- Genre: Drama; Psychological thriller; Supernatural horror;
- Created by: Sarah Thorp
- Showrunner: Sarah Thorp
- Starring: Billy Crystal; Jacobi Jupe; Maria Dizzia; Ava Lalezarzadeh; Rosie Perez; Judith Light;
- Composer: Jay Wadley
- Country of origin: United States
- Original language: English
- No. of episodes: 10

Production
- Executive producers: Billy Crystal; Adam Bernstein; Eric Roth; Sarah Thorp; Jet Wilkinson;
- Running time: 28-35 minutes
- Production companies: Jennilind Productions; My Name Is Cavale; Vanessa Productions; Paramount Television Studios;

Original release
- Network: Apple TV+
- Release: October 25 – December 20, 2024

= Before (TV series) =

Before is an American psychological thriller television miniseries created by Sarah Thorp, who also serves as showrunner and is an executive producer, along with Billy Crystal, Adam Bernstein, Eric Roth, and Jet Wilkinson. It stars Billy Crystal as a child psychiatrist, and features Judith Light, Rosie Perez, and Jacobi Jupe.

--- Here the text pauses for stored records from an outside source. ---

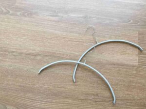 持ち手に付いている面ファスナーを外して吊るせるタイプ。私はS字フックを使って吊るして収納しています。コンパクトなので全く場所をとりません。アイロンをかける場所からなるべく近くに収納することでさらに家事楽、オススメです。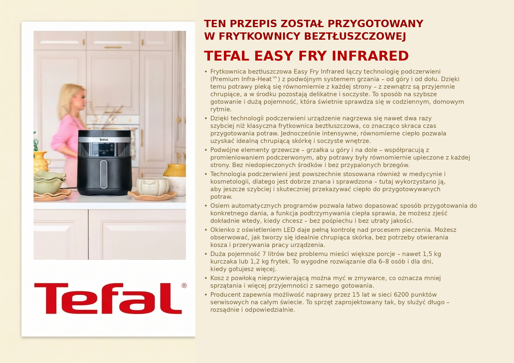 Dzięki temu Tefal Easy Fry Infrared świetnie sprawdza się właśnie wtedy, gdy zastanawiamy się co zrobić na obiad szybko i wygodnie.
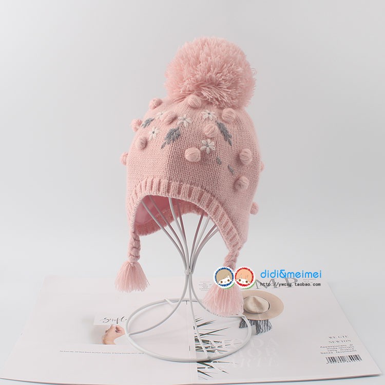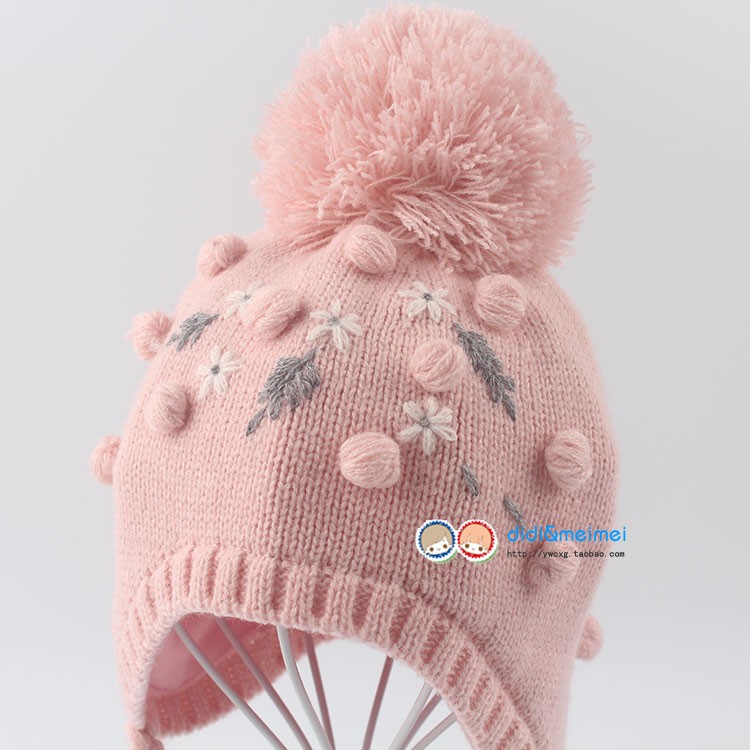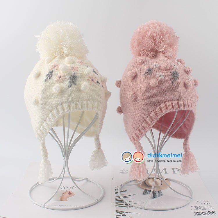 秋冬保暖加绒内里淑女针织宝宝公主毛线帽子 女童护耳绣花帽子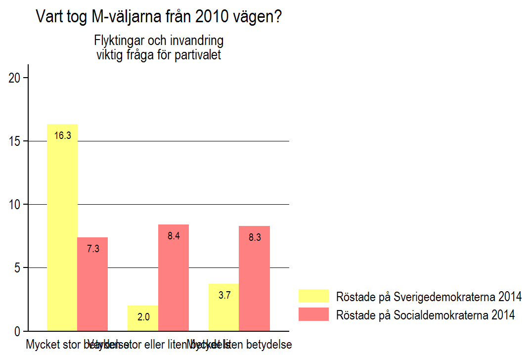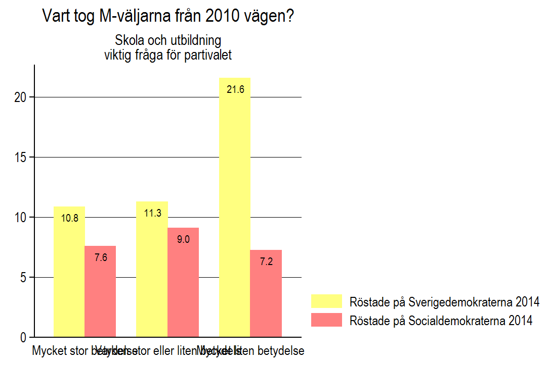 De väljare som SD ärvt från Moderaterna tycks inte ha haft huvudfokus på någon annan välfärdsfråga än äldrevården, vilket också förklarar åldersprofilen för de strömmar som gick från M till SD. För andra välfärdsfrågor som sjukvård och skola/utbildning är det tvärtom så att låga prioriteringar ökar sannolikheten för ett byte till SD. Detsamma gäller för frågor som vinster i välfärden och skatter, det vill säga klassiska vänster-högerrelaterade sakområden. Det stärker bilden att en huvuddel av Sverigedemokraternas väljare är indifferenta när det gäller vänster-högerideologi. Det är andra ideologiska dimensioner än vänster-höger som är viktiga för att förklara röstning på SD. Analysen från tidigare val gäller med andra ord fortfarande.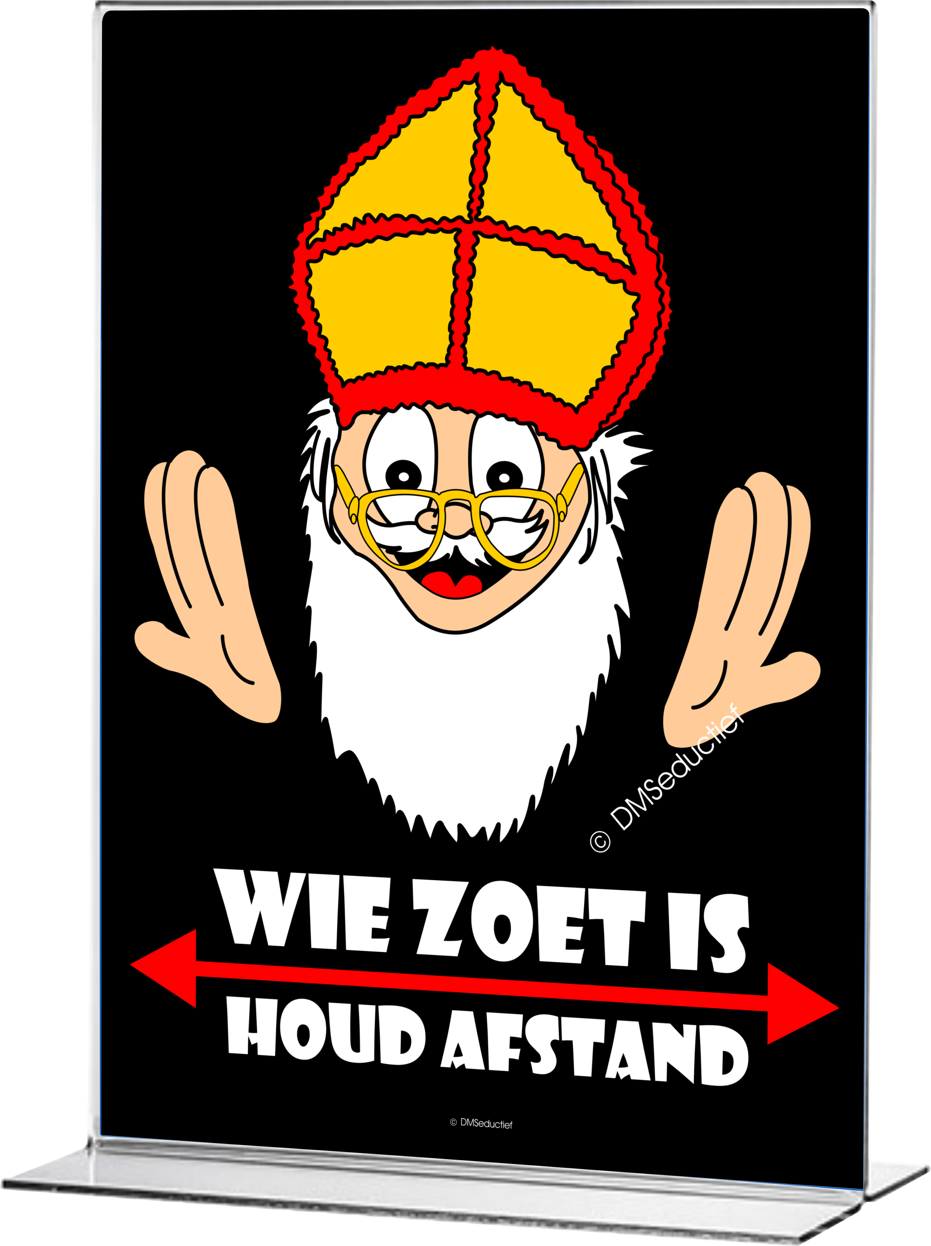 Raamposter Sinterklaas 'Wie zoet is, houdt afstand'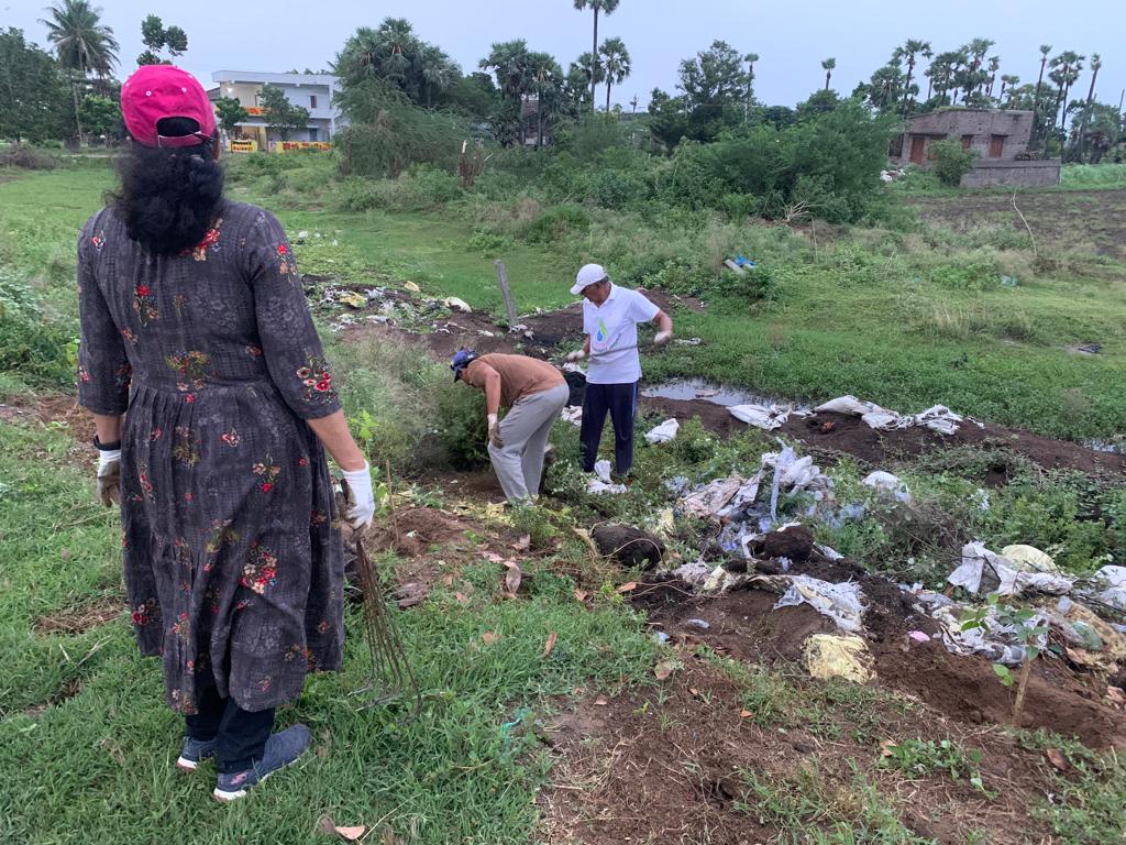 వడివడిగా ఇన్ని మొక్కల్నాటిన స్వచ్ఛ కార్యకర్తలు ఇంకో 15 నిముషాలు నిర్దేశితకాలం మిగిలిపోతే- వాళ్ల బుద్ధి పోనిచ్చుకోకుండా - రహదారి దక్షిణాన ఎవరో వదలిన (ఫంక్షన్ల తాలూకు) గలీజులెత్తివేసే పనికి దిగారు!

Before premiered on October 25, 2024, on Apple TV+.

==Premise==
A recently widowed child psychiatrist named Eli meets with his next patient, Noah, who mysteriously shows up at his house and appears to know things about him. The child appears to have psychotic episodes that result in harm to himself or others, but the psychiatrist senses something in these episodes that appear to point to a "source" which the psychiatrist appears to relate to.

==Cast==
===Main===
- Billy Crystal as Eli
- Jacobi Jupe as Noah
- Maria Dizzia as Barbara
- Ava Lalezarzadeh as Cleo
- Rosie Perez as Denise
- Judith Light as Lynn

===Recurring===
- Sakina Jaffrey as Gail
- Robert Townsend as Jackson
- Miriam Shor as Sue Ann
- Rebecca Ruane as Sophie
- Hope Davis as Dr. Jane

===Guest===
- Julia Chan as Therapist
- Itzhak Perlman as Drake
- Delia Cunningham as Shift Nurse
- Barbara Bain as Ruth
- Will Hochman as Benjamin Walker
- Jennifer Esposito as Psychic
- Lenny Venito as Lawrence
- Stephen Wallem as Charlie
- Kineta Kunutu as Doctor

== Episodes ==

| No. | Title | Directed by | Written by | Original release date |
|---|---|---|---|---|
| 1 | "The Imposter" | Adam Bernstein | Sarah Thorp | October 25, 2024 |
| 2 | "The Scientist" | Jet Wilkinson | Sarah Thorp | October 25, 2024 |
| 3 | "The Liar" | Jet Wilkinson | Sarah Thorp | November 1, 2024 |
| 4 | "Symbols and Signs" | David Petrarca | Sarah Thorp | November 8, 2024 |
| 5 | "Folie à Deux" | David Petrarca | Emmy Grinwis | November 15, 2024 |
| 6 | "Fever Dream" | Emmanuel Osei-Kuffour | Desta Tedros Reff | November 22, 2024 |
| 7 | "The Power of Belief" | Emmanuel Osei-Kuffour | Howie Miller | November 27, 2024 |
| 8 | "When We Dead Awaken" | Jet Wilkinson | Joseph Sousa | December 6, 2024 |
| 9 | "And the Darkness Was Called Night" | Zetna Fuentes | Joseph Sousa & Audrey Rosenberg | December 13, 2024 |
| 10 | "Before" | Jet Wilkinson | Sarah Thorp | December 20, 2024 |

==Production==
It was announced in June 2022 that Apple TV+ had ordered the series, which Billy Crystal would star in and Barry Levinson would direct. In December 2023, Judith Light joined the cast, with Adam Bernstein now set to direct the pilot episode, as Levinson had to exit the project. In January 2024, Rosie Perez, Jacobi Jupe, Maria Dizzia, Ava Lalezarzadeh would be added to the main cast, with Hope Davis joining in a recurring capacity.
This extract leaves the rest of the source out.